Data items
• • •
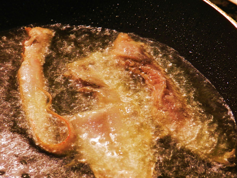 Els peixets també es poden arrebossar, passar per ou i farina, a la romana, amb tempura, però som del parer o bé de fregir-los, sense cap embolcall, com feien els pescadors, o bé d’enfarinar-los molt lleugerament i espolsar-los ben bé, així aconseguim que no s’enganxin entre ells i la finíssima capa de farina amb l’oli roent els protegeix que absorbeixin l’oli i resultin cruixents.
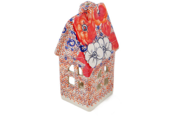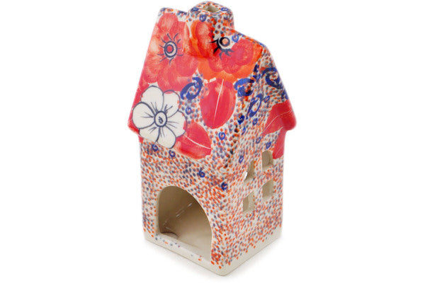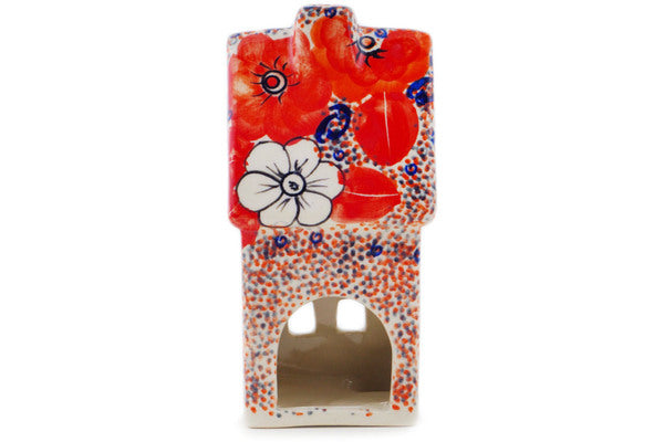 House Shaped Candle Holder 6" Poppy Passion Theme UNIKAT
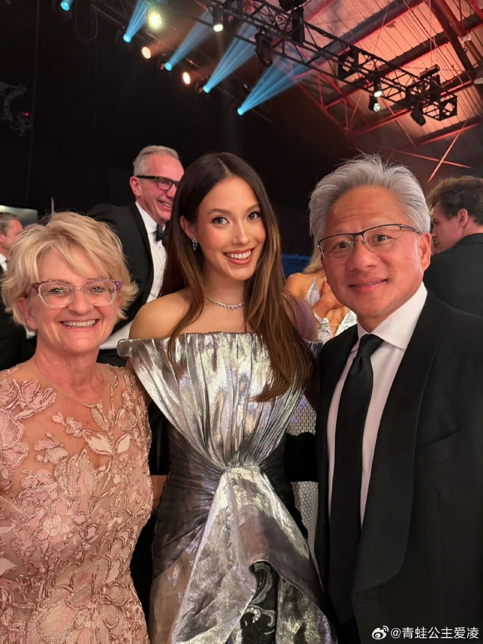 谷爱凌受邀出席今年的颁奖典礼,她身着郭培2026春夏定制礼服亮相,优雅大气,并且与黄仁勋夫妇一起合影。而2024年,她曾在该颁奖典礼上与埃隆-马斯克合影。
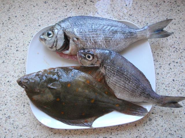 Went out again on sunday for the old mans birthday, and caught a few more fish.....! Trouble was we went to the pub for a quiet half saturday night, this turned into 6 pints and left us pissed and wondering what the morning will bring? We awoke at about 5 and got ourselves ready for the day. It was an hour and a half drive down and all the way we discussed the wind and conditions. Arriving nice and early on the boat we noticed the clouds break and the sun come out, although still blowing force 4 from the south west. We headed out in the lea of the shore and treid for a few mackeral for bait, they were small and hard to come by but eventually we got a few. We were after sea bream and fished a 3 hook dropper rig with worm and squid/mackeral as bait. It was hard going due to the boat going up and down but we were all catching.. Unfortunately only poor cod and pouting-rubbish fish-. After a move me and the old man started to catch bream and ended up with 3 each although one of mine was undersixe so went back. We also started catching dogfish and small bullhuss, all of which went back. We tried drift fishing for plaice and a managed a small but legal fish and took it back for the pot....my first plaice! We finished the day fishing close to the shore after getting beaten up by big waves and swell on the plaice grounds. Not a bad day all in all me and me dad did the best, as we fished light rigs with smaller hooks for better presentation, against the words of others but our method paid off, as noone else caught plaice or bream!! 2 weeks to go, i hope i leave the windy weather here!!!
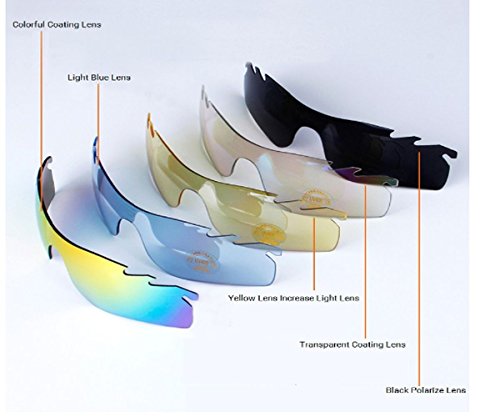 SUPERIOR PERFORMANCE! 5 MULTI-PURPOSE LENSES: Complete sunglass package comes with a non-scratch pouch, protective case and lens cleaning cloth. All day comfort with added soft nose pads. 5x the protection with 5 Color Lenses - Colorful for Multifunction use, Light Blue (cloudy/overcast - Excellent for Climbing), Yellow (Driving/Night-vision), Transparent (Dust Proof & helps with foggy conditions), and Black (Polarized and great for Daylight).
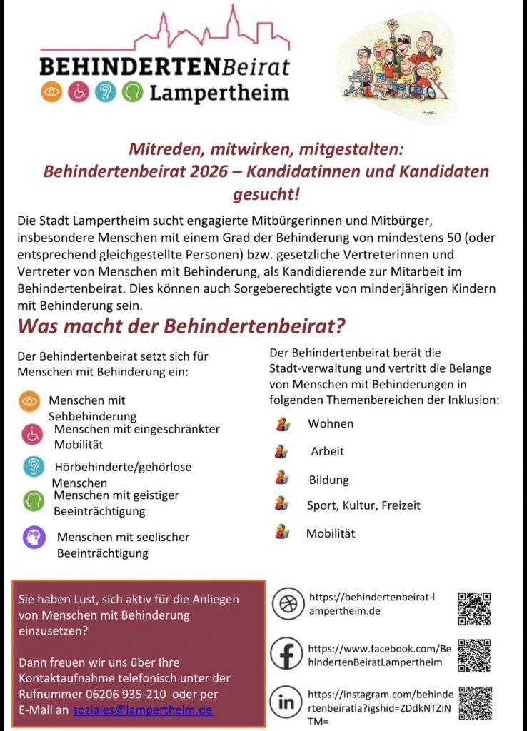 Der Behindertenbeirat Lampertheim setzt sich für die Anliegen von Menschen mit Behinderung ein.
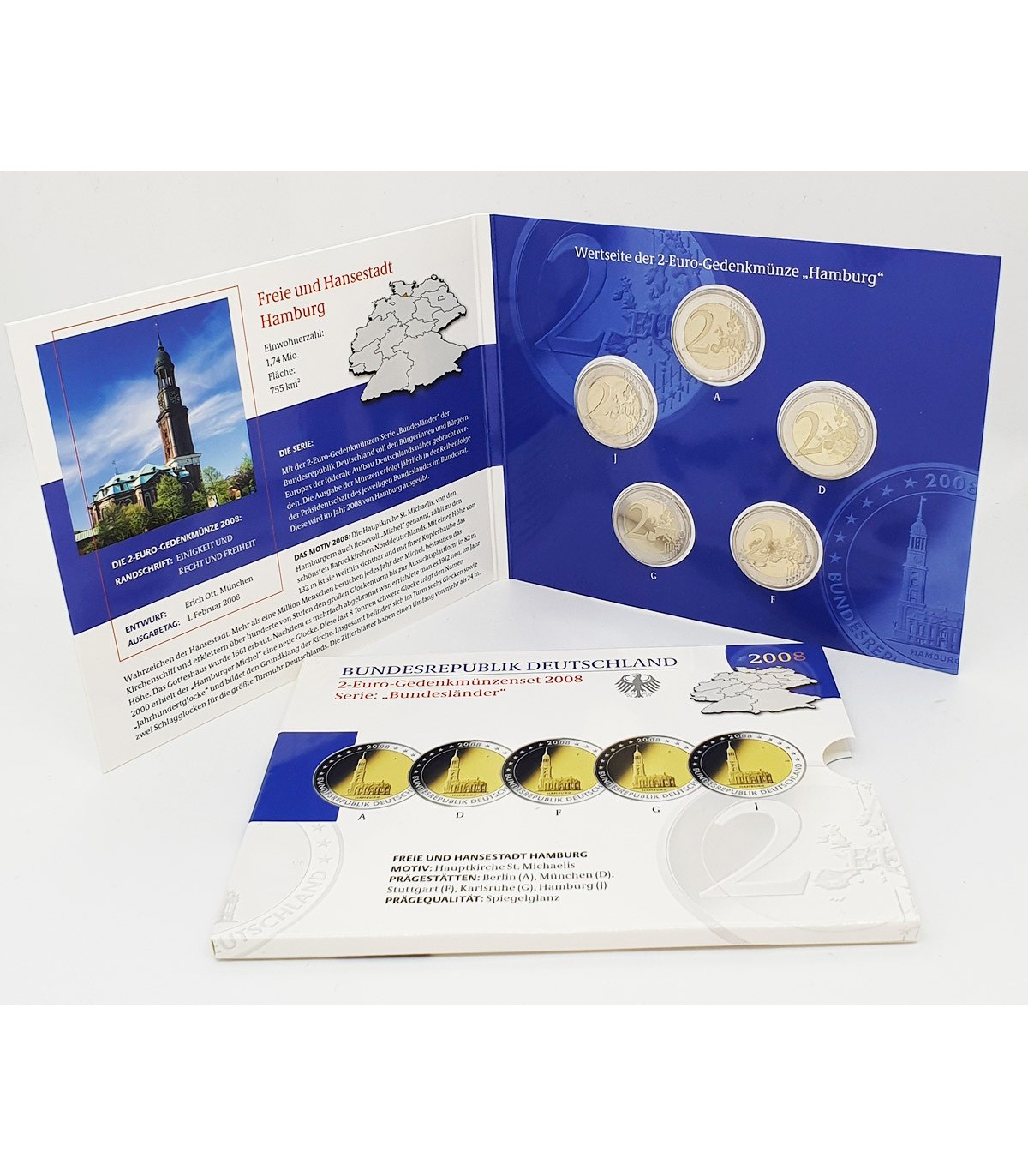 Para assinalar a presidência de Hamburgo do Bundesrat, a Alemanha emitiu a terceira moeda comemorativa de 2 euros sobre os Länder em 2008. A parte interior da moeda exibe a Igreja de São Miguel, em Hamburgo. Por baixo do monumento, encontra-se o nome do LandHAMBURG. À direita do monumento, de baixo para cima, figuram a inicial O do gravador e a insígnia da casa da moeda, representada por uma das letras A (Berlim), D (Munique), F (Estugarda), G (Karlsruhe) ou J (Hamburgo). Na parte inferior da coroa circular externa, figura a menção "UNDESREPUBLIK DEUTSCHLAND" e, na parte superior, o ano de 2008 e doze estrelas. No bordo, está gravado: EINIGKEIT UND RECHT UND FREIHEIT e a águia federal.
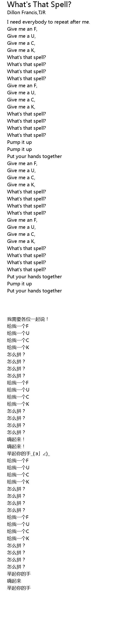 | [00:45.10] | Give me an F, |
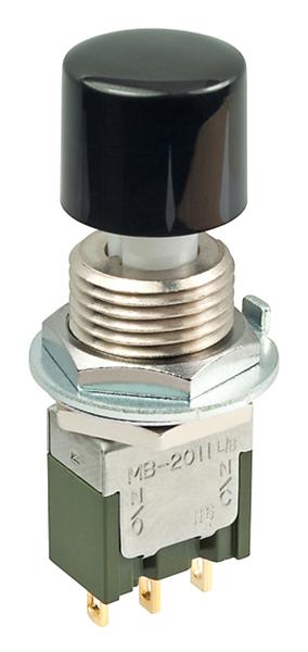 MB2011SB1G01-DA-RO: Pushbutton Switches ON-(ON) LRG BSHNG .52 BLK CAP LUG .4VA
• • •
Task to carry out ▸
A faithful copy is needed: reproduce all of the data above, leaving the pictures out.

Answer to this task ▸
 Els peixets també es poden arrebossar, passar per ou i farina, a la romana, amb tempura, però som del parer o bé de fregir-los, sense cap embolcall, com feien els pescadors, o bé d’enfarinar-los molt lleugerament i espolsar-los ben bé, així aconseguim que no s’enganxin entre ells i la finíssima capa de farina amb l’oli roent els protegeix que absorbeixin l’oli i resultin cruixents.
 House Shaped Candle Holder 6" Poppy Passion Theme UNIKAT
 谷爱凌受邀出席今年的颁奖典礼,她身着郭培2026春夏定制礼服亮相,优雅大气,并且与黄仁勋夫妇一起合影。而2024年,她曾在该颁奖典礼上与埃隆-马斯克合影。
 Went out again on sunday for the old mans birthday, and caught a few more fish.....! Trouble was we went to the pub for a quiet half saturday night, this turned into 6 pints and left us pissed and wondering what the morning will bring? We awoke at about 5 and got ourselves ready for the day. It was an hour and a half drive down and all the way we discussed the wind and conditions. Arriving nice and early on the boat we noticed the clouds break and the sun come out, although still blowing force 4 from the south west. We headed out in the lea of the shore and treid for a few mackeral for bait, they were small and hard to come by but eventually we got a few. We were after sea bream and fished a 3 hook dropper rig with worm and squid/mackeral as bait. It was hard going due to the boat going up and down but we were all catching.. Unfortunately only poor cod and pouting-rubbish fish-. After a move me and the old man started to catch bream and ended up with 3 each although one of mine was undersixe so went back. We also started catching dogfish and small bullhuss, all of which went back. We tried drift fishing for plaice and a managed a small but legal fish and took it back for the pot....my first plaice! We finished the day fishing close to the shore after getting beaten up by big waves and swell on the plaice grounds. Not a bad day all in all me and me dad did the best, as we fished light rigs with smaller hooks for better presentation, against the words of others but our method paid off, as noone else caught plaice or bream!! 2 weeks to go, i hope i leave the windy weather here!!!
 SUPERIOR PERFORMANCE! 5 MULTI-PURPOSE LENSES: Complete sunglass package comes with a non-scratch pouch, protective case and lens cleaning cloth. All day comfort with added soft nose pads. 5x the protection with 5 Color Lenses - Colorful for Multifunction use, Light Blue (cloudy/overcast - Excellent for Climbing), Yellow (Driving/Night-vision), Transparent (Dust Proof & helps with foggy conditions), and Black (Polarized and great for Daylight).
 Der Behindertenbeirat Lampertheim setzt sich für die Anliegen von Menschen mit Behinderung ein.
 Para assinalar a presidência de Hamburgo do Bundesrat, a Alemanha emitiu a terceira moeda comemorativa de 2 euros sobre os Länder em 2008. A parte interior da moeda exibe a Igreja de São Miguel, em Hamburgo. Por baixo do monumento, encontra-se o nome do LandHAMBURG. À direita do monumento, de baixo para cima, figuram a inicial O do gravador e a insígnia da casa da moeda, representada por uma das letras A (Berlim), D (Munique), F (Estugarda), G (Karlsruhe) ou J (Hamburgo). Na parte inferior da coroa circular externa, figura a menção "UNDESREPUBLIK DEUTSCHLAND" e, na parte superior, o ano de 2008 e doze estrelas. No bordo, está gravado: EINIGKEIT UND RECHT UND FREIHEIT e a águia federal.
 | [00:45.10] | Give me an F, |
 MB2011SB1G01-DA-RO: Pushbutton Switches ON-(ON) LRG BSHNG .52 BLK CAP LUG .4VA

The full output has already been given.